Heated enclosure packages are used to protect pipes from rain and ice build-up by keeping the pipes heated. The catalytic heater is contained within the package which is usually made out of stainless steel. Instrument gas and pilot preheating regulators are only used for freeze protection, and to heat up the gas before it reaches the pilot. It can also be used to heat a stream of gas that is used for measurement or instrumentation. Space heating is a good substitution when heat is required but traditional means, such as electricity or safety concerns over explosive gas, cannot be used. Catalytic space heaters generate infrared heat to raise the temperature in a given area.

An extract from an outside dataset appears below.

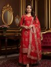 ADD Presents Printed Gorgeous Grey pant suit with printed green contrast organza dupatta with Banarasi weaving work to give a royal look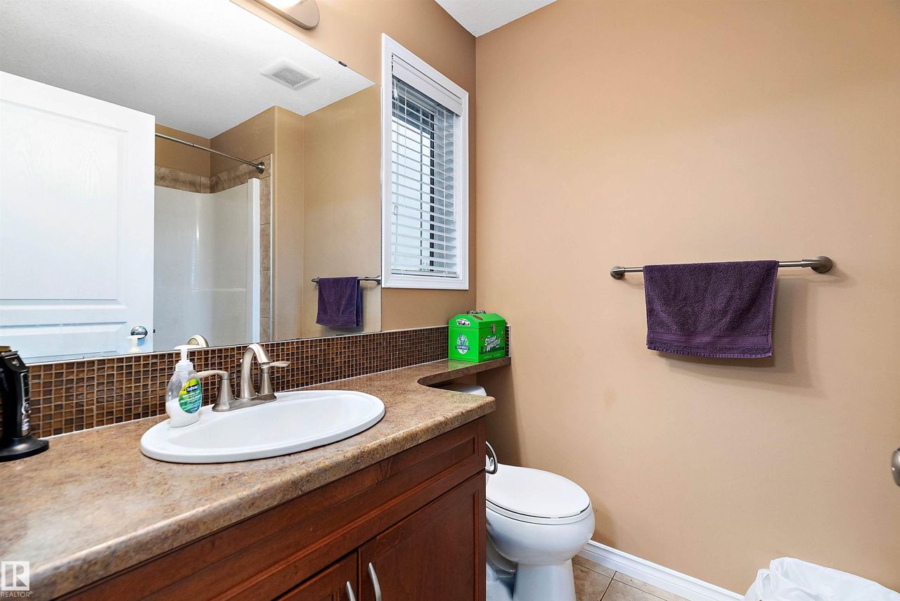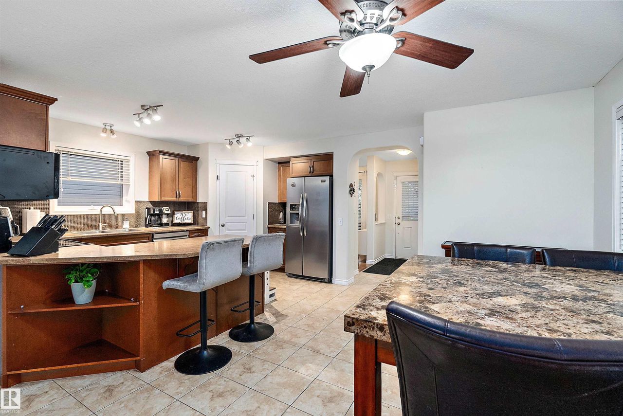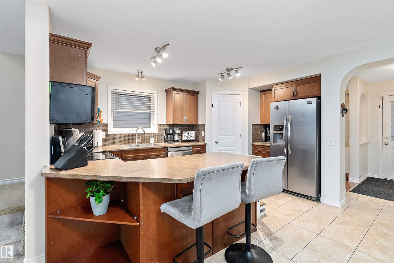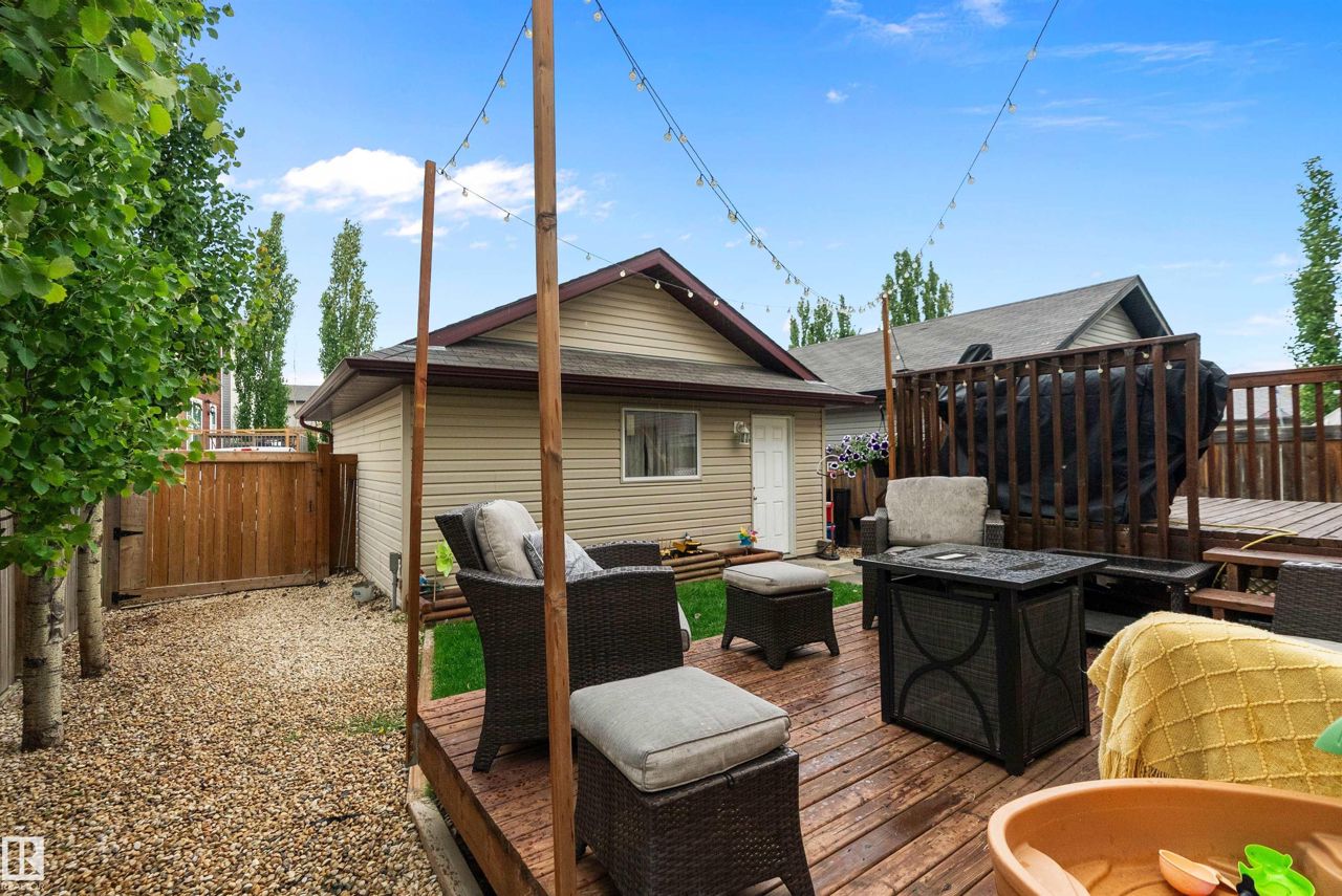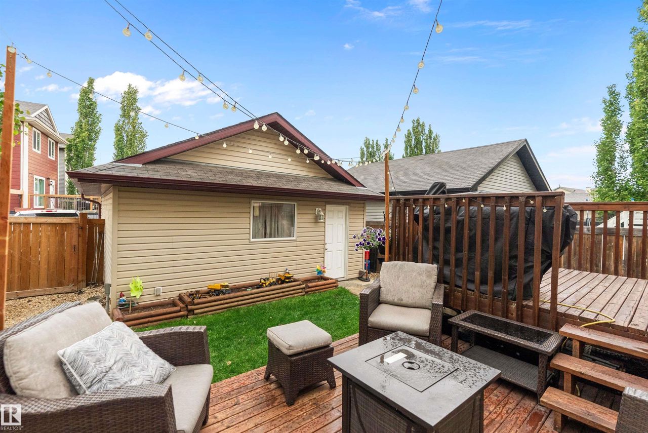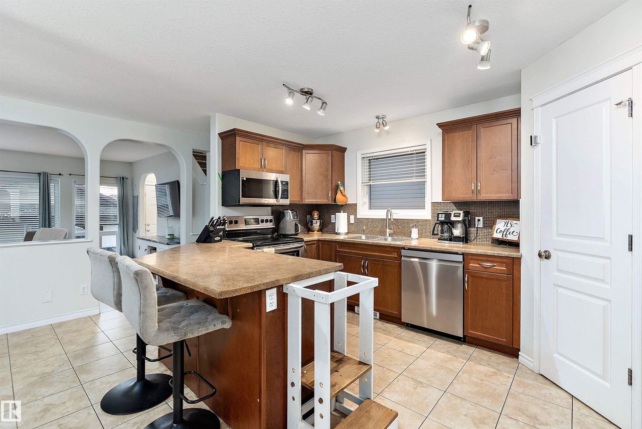 Discover this beautifully maintained 1500+ sq ft 2-storey former show home located in the sought-after community of West Haven, Leduc. With charming curb appeal and a welcoming front porch, this home offers comfort, space, and style. The main floor features a bright and open layout with a spacious living room, a kitchen with an eat-at island and plenty of cabinetry, a dedicated dining area, a versatile den or home office, and a convenient half bath. Upstairs, you'll find a laundry room, two generous guest bedrooms, a 4pc main bathroom, and a lovely primary suite complete with a walk-in closet and 4pc ensuite. The unfinished basement is a blank canvas—ready for your personal touch. Outside, enjoy a large backyard with a huge deck, perfect for relaxing or entertaining. The double detached garage provides ample parking and storage. Recent updates include a new washer, dishwasher, and microwave (2024), and a hot water tank (2022). A perfect family home with room to grow!

In addition to the larger catalytic heaters there are also small hand warmer or pocket heaters that use a catalyst combustion unit. Current units use a glass fiber substrate coated with platinum. Cheaper units may use other catalysts that do not work as well. Some older units used asbestos substrates. These hand warmers are for people who work or pursue leisure activities outdoors in very low temperatures, especially those that require manual dexterity that is not possible while wearing thick gloves or mittens. They date from the foundation of the Japanese Hakkunin company by Niichi Matoba, who founded to produce a hand warmer 'Hakkin Kairo' based on his Japanese patent of 1923. John W. Smith, President of Aladdin Laboratories, Inc. of Minneapolis was awarded a US patent for a product called the Jon-e (pronounced “Johnny”) catalytic hand warmer on December 25, 1951. Production peaked in the fifties and sixties, at 10,000 warmers a day. Aladdin went out of business in the 1970s. In 2010 the Zippo lighter company introduced an all-metal catalytic hand warmer, along with other outdoor products. There are other catalytic hand warmer brands like the South Korean S-Boston, the UK Whitby Warmer and also Chinese unbranded versions of designs based on the Hakkin 'Peacock' or the 'Jon-e' which date back to the manufacturing heyday of Hong Kong in the 1960s and 70s.

== Chemistry ==
The following substances are able to help oxidize a fuel for a catalytic heater at a useful rate:
- Platinum can be used with natural gas, propane and butane. It generates a surface temperature of 300–550 °C, lower than the 760 °C ignition point. Pt heaters are the most common type.
- Palladium can be used with hydrogen gas. Pd-coated carbon was used in 2010 for a prototype heater built by the Sandia National Laboratory.

==Functions==

Catalytic heaters serve many functions, especially in the oil and gas industries.  They are useful where heat production is necessary at a controlled rate. Typically used in Thermoelectric Generators (TEG's or thermopiles) off of raw well gas or H2S to create enough electricity to operate the remote well site at great distances from their parent processing plants. They can also be used in gas meters, regulators and control valves, gas wellhead heaters, pipeline heaters, space heaters, separators, and compressor stations. Some other examples would include soldering irons, hand warmers, and space-heating appliances. Catalytic heaters have high efficiency allowing smaller heaters to be used, therefore lowering initial costs and fuel consumption. These heaters typically use propane (LP) or butane fuel, whereas many older types use either liquid fuel or alcohol. Handheld catalytic hand warmers have traditionally only used naphtha-type liquid fuel.

==Safety==
Catalytic heaters can have several potential safety issues if incorrectly installed or placed in poorly ventilated areas, including fuel leakage and carbon monoxide poisoning from insufficient exhaust extraction or improperly tuned reaction. The American Gas Association standards specify that the concentration in free air of carbon monoxide from a gas heater should not exceed 200 parts per million (ppm). Conversely, since catalytic heaters are flameless, there is a reduced fire risk.